(Records drawn from a dataset)
Content starts

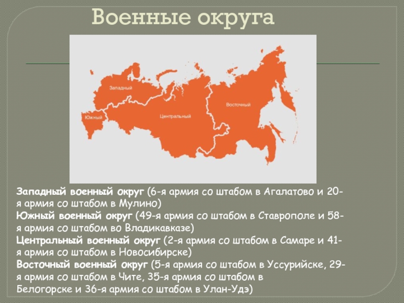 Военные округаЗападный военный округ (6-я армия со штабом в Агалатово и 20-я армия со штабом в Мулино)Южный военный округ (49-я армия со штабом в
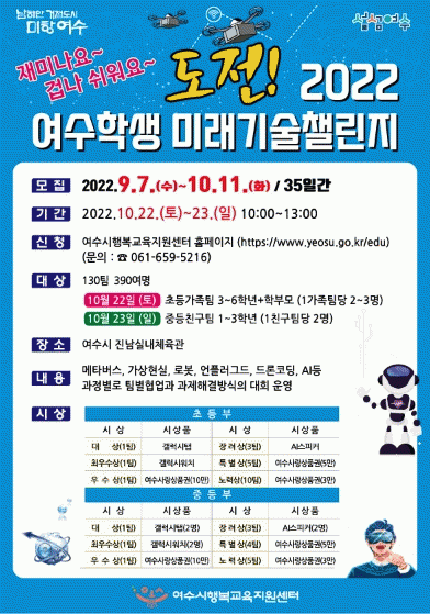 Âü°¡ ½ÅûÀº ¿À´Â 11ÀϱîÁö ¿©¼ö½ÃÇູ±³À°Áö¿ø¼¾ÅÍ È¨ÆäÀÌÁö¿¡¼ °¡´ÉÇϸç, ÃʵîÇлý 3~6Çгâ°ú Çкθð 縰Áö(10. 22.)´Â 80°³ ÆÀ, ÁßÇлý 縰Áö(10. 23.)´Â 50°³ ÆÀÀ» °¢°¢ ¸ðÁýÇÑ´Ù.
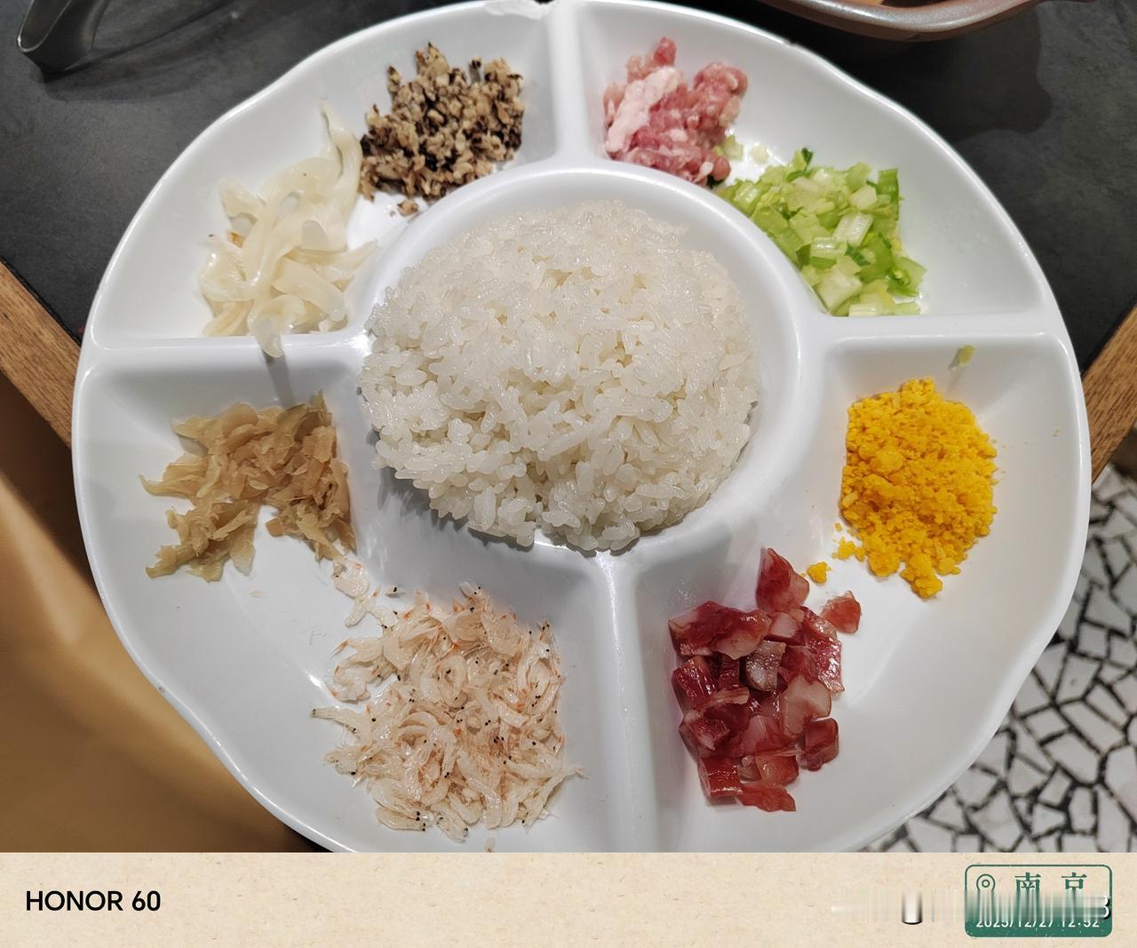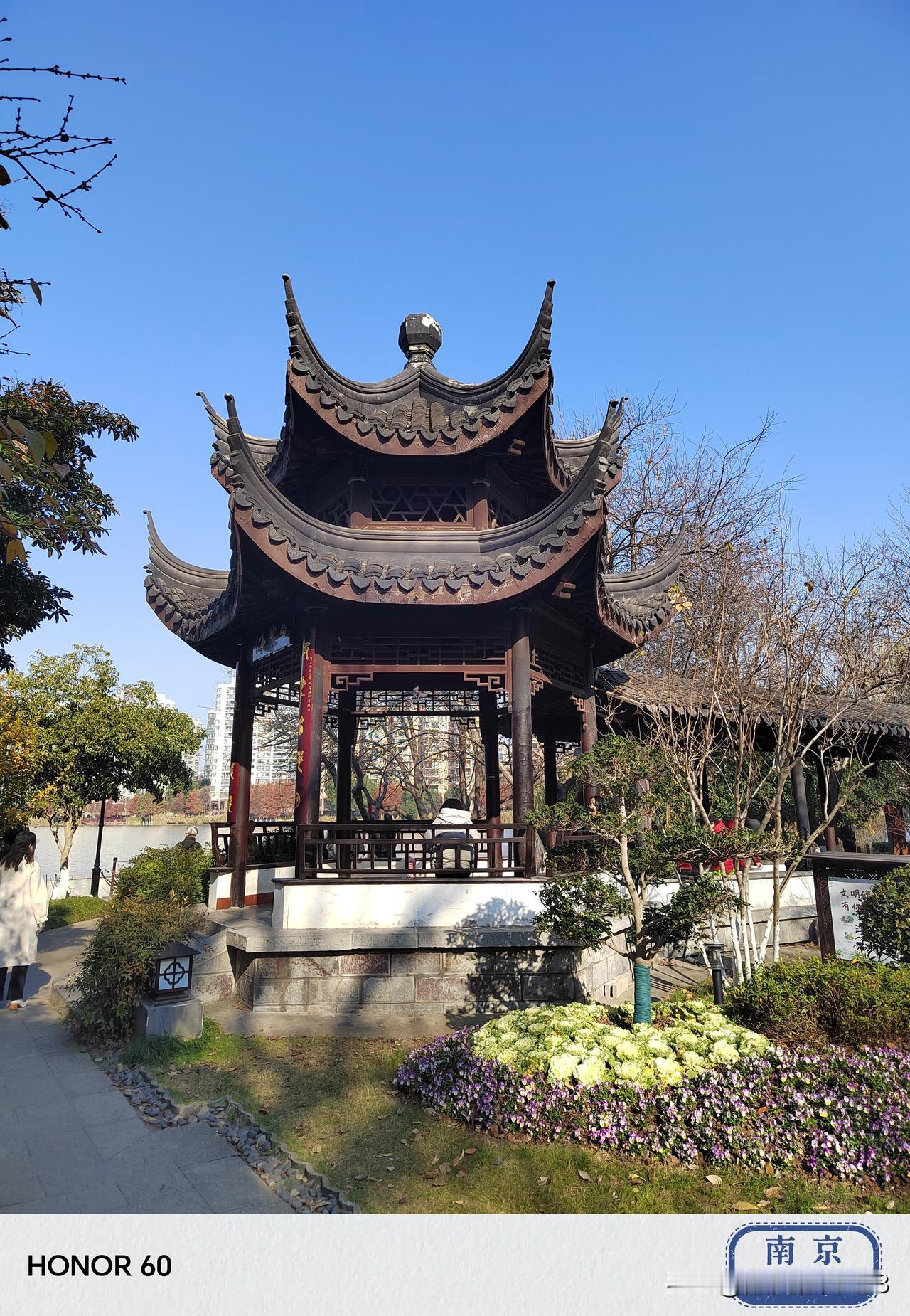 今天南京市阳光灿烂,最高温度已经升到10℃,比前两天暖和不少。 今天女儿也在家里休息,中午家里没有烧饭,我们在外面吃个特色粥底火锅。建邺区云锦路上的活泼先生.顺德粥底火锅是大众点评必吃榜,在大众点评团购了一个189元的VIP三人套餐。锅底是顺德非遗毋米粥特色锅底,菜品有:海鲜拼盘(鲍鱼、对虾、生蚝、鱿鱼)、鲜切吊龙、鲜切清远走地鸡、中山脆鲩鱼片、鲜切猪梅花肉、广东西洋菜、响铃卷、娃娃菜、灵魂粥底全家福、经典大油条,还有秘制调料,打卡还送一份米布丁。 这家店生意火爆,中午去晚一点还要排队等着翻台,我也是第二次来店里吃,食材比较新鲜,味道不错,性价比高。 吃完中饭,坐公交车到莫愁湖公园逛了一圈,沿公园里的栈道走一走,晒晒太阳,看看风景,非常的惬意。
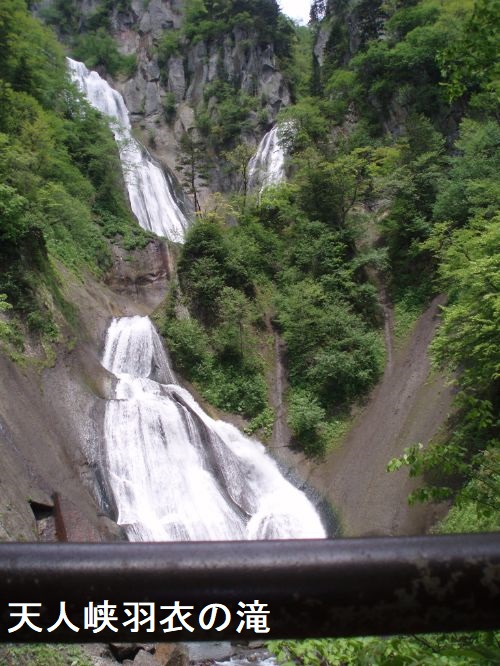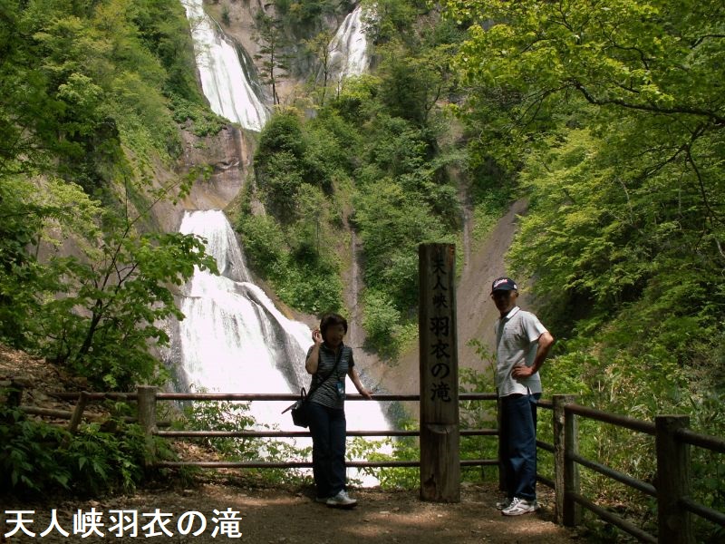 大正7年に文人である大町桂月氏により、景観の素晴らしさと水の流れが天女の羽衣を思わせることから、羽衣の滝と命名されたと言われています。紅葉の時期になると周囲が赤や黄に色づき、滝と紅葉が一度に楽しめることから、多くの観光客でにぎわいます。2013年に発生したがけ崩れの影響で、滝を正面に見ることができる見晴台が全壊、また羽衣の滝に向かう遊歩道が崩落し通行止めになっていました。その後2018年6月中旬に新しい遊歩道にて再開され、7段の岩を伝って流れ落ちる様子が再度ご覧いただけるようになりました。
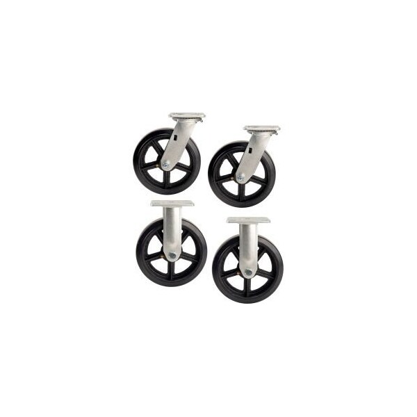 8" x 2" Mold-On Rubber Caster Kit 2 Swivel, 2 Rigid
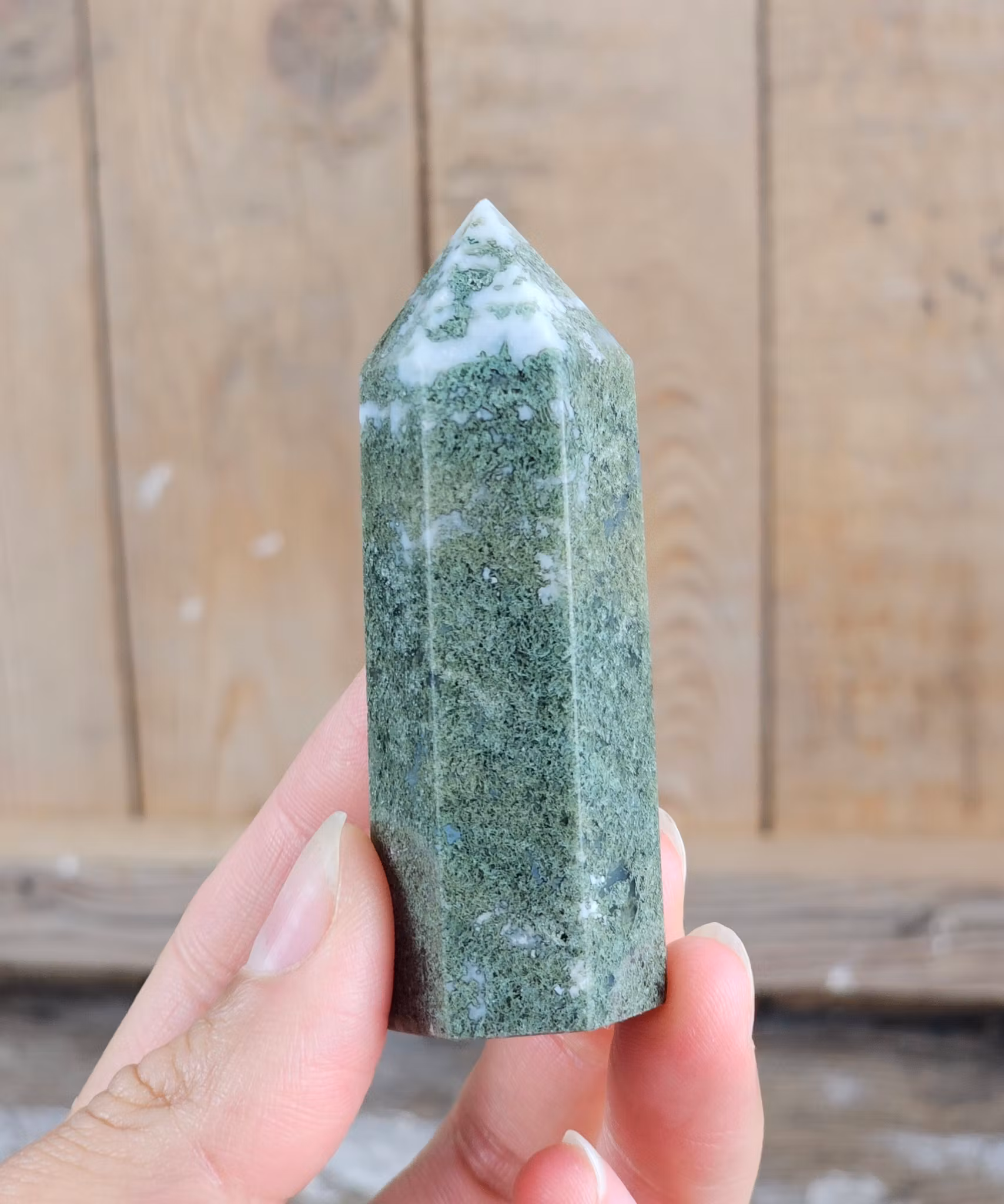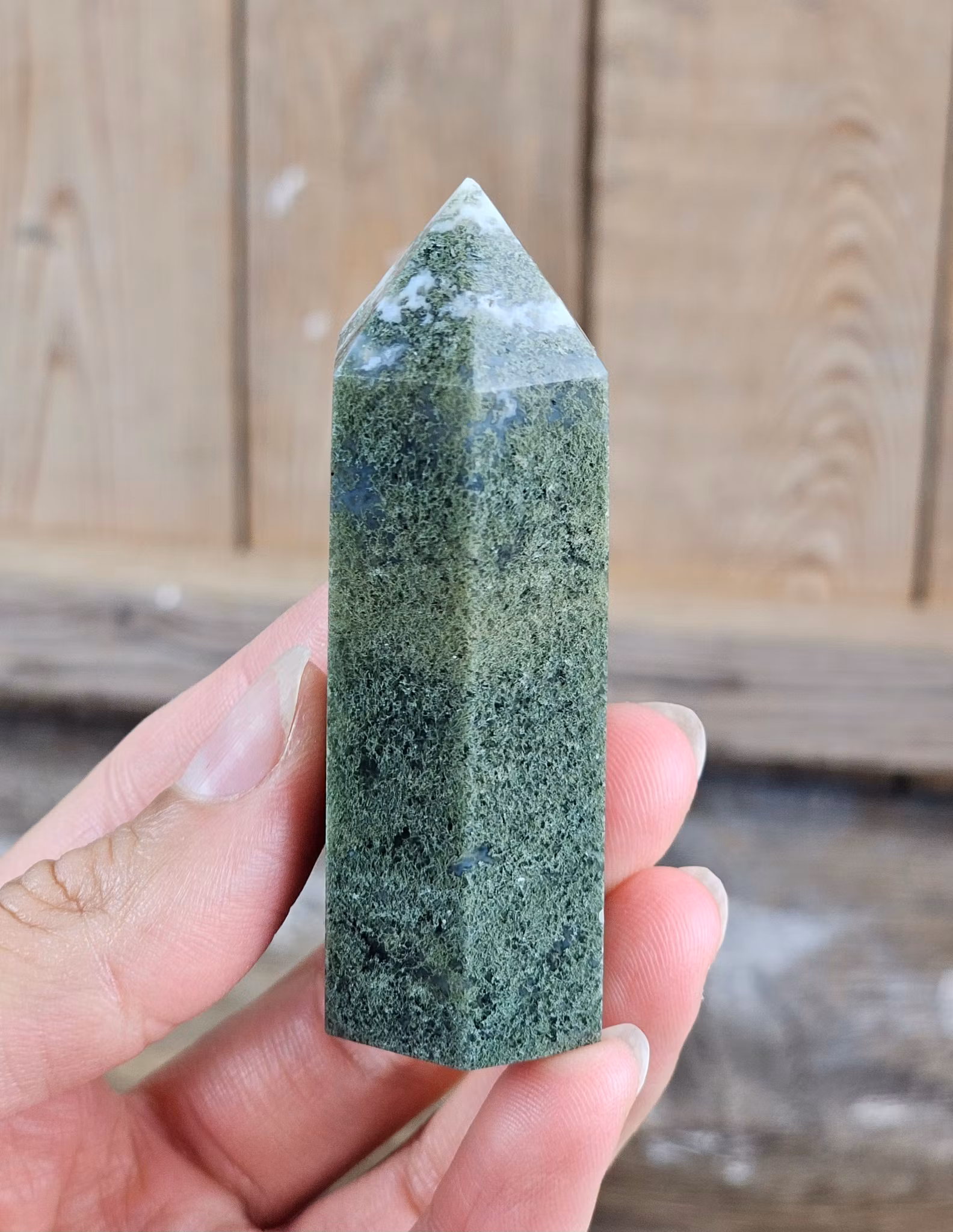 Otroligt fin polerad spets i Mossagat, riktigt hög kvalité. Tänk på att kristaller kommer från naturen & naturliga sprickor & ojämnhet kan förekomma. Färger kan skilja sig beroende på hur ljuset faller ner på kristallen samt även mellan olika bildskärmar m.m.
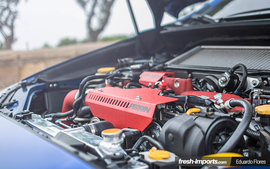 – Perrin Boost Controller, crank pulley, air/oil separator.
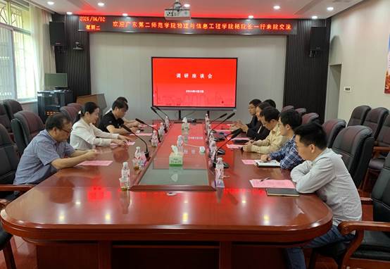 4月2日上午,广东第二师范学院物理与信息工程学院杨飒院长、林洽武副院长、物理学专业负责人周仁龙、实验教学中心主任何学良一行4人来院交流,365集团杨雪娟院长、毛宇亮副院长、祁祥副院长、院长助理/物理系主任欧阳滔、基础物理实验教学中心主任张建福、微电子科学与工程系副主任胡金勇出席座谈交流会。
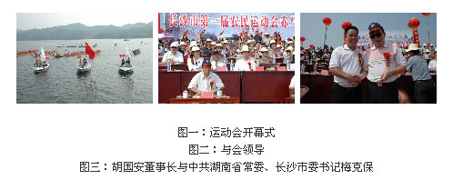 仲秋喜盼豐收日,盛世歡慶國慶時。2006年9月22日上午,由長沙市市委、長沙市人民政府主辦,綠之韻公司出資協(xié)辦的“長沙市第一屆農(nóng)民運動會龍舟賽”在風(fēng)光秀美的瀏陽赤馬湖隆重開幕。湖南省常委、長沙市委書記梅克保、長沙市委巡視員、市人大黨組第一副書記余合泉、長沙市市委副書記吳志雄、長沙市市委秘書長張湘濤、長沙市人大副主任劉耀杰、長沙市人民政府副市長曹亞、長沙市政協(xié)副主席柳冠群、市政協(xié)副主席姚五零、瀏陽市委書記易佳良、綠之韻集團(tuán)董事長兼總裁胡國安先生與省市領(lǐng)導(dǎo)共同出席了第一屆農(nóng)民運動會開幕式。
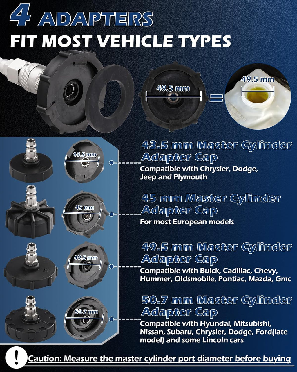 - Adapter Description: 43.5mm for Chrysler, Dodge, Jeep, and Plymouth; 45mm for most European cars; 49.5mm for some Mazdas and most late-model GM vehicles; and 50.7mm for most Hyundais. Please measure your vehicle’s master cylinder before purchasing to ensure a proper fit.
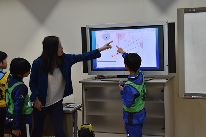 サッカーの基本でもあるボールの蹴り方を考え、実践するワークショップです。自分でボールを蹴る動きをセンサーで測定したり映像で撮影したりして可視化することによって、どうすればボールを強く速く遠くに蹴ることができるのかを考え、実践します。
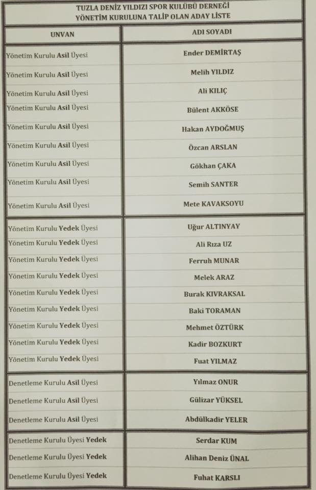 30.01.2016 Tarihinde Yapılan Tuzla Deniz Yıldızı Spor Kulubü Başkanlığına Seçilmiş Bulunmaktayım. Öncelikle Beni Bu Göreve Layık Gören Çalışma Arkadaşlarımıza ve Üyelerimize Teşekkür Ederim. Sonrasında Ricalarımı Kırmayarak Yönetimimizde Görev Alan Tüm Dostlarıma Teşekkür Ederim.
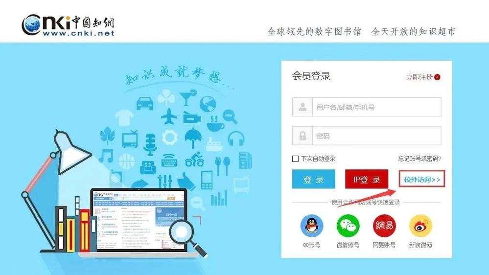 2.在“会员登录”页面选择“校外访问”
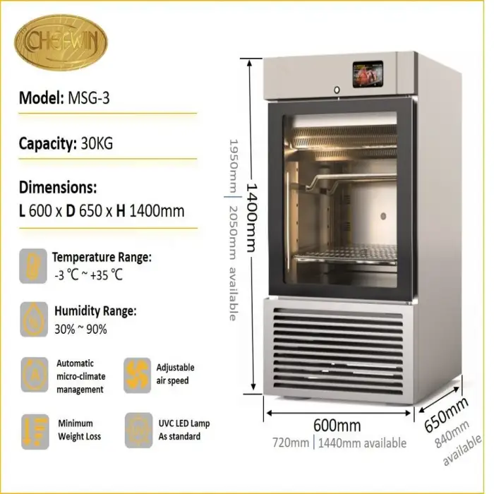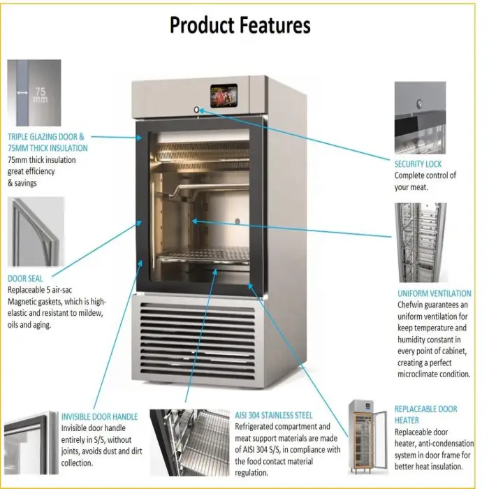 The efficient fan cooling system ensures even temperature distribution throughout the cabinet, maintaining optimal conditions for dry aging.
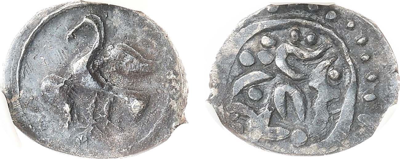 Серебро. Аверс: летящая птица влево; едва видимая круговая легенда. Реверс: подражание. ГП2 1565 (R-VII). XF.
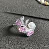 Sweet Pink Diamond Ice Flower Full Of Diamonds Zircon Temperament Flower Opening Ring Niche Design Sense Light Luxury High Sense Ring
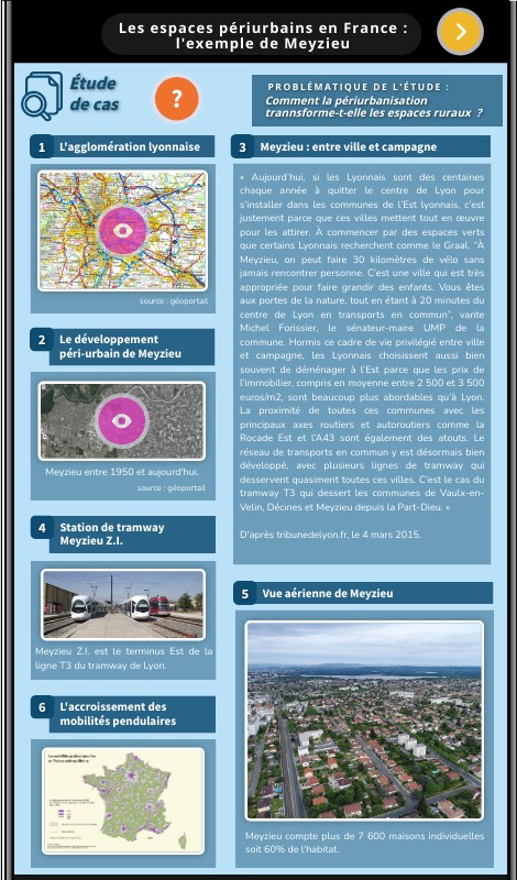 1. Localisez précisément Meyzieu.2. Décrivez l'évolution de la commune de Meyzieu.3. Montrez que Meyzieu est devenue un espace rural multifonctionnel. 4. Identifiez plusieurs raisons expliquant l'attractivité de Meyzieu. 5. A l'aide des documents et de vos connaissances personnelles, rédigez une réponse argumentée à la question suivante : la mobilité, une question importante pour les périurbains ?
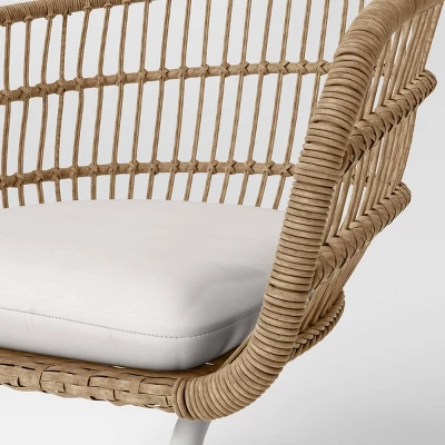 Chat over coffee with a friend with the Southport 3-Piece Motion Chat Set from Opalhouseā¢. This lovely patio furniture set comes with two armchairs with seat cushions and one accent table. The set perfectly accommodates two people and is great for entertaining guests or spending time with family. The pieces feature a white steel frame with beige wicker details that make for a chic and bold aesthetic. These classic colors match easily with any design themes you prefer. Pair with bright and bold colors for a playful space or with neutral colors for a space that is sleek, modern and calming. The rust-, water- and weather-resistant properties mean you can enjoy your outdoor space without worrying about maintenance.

Content ends

• [THE TASK]: Going by the data above, give back only the lines from the one containing "Серебро. Аверс: летящая" through the one containing "1. Localisez précisément", exactly as they stand, both ends included and no images.

• [RESPONSE BELOW]:
 Серебро. Аверс: летящая птица влево; едва видимая круговая легенда. Реверс: подражание. ГП2 1565 (R-VII). XF.
 Sweet Pink Diamond Ice Flower Full Of Diamonds Zircon Temperament Flower Opening Ring Niche Design Sense Light Luxury High Sense Ring
 1. Localisez précisément Meyzieu.2. Décrivez l'évolution de la commune de Meyzieu.3. Montrez que Meyzieu est devenue un espace rural multifonctionnel. 4. Identifiez plusieurs raisons expliquant l'attractivité de Meyzieu. 5. A l'aide des documents et de vos connaissances personnelles, rédigez une réponse argumentée à la question suivante : la mobilité, une question importante pour les périurbains ?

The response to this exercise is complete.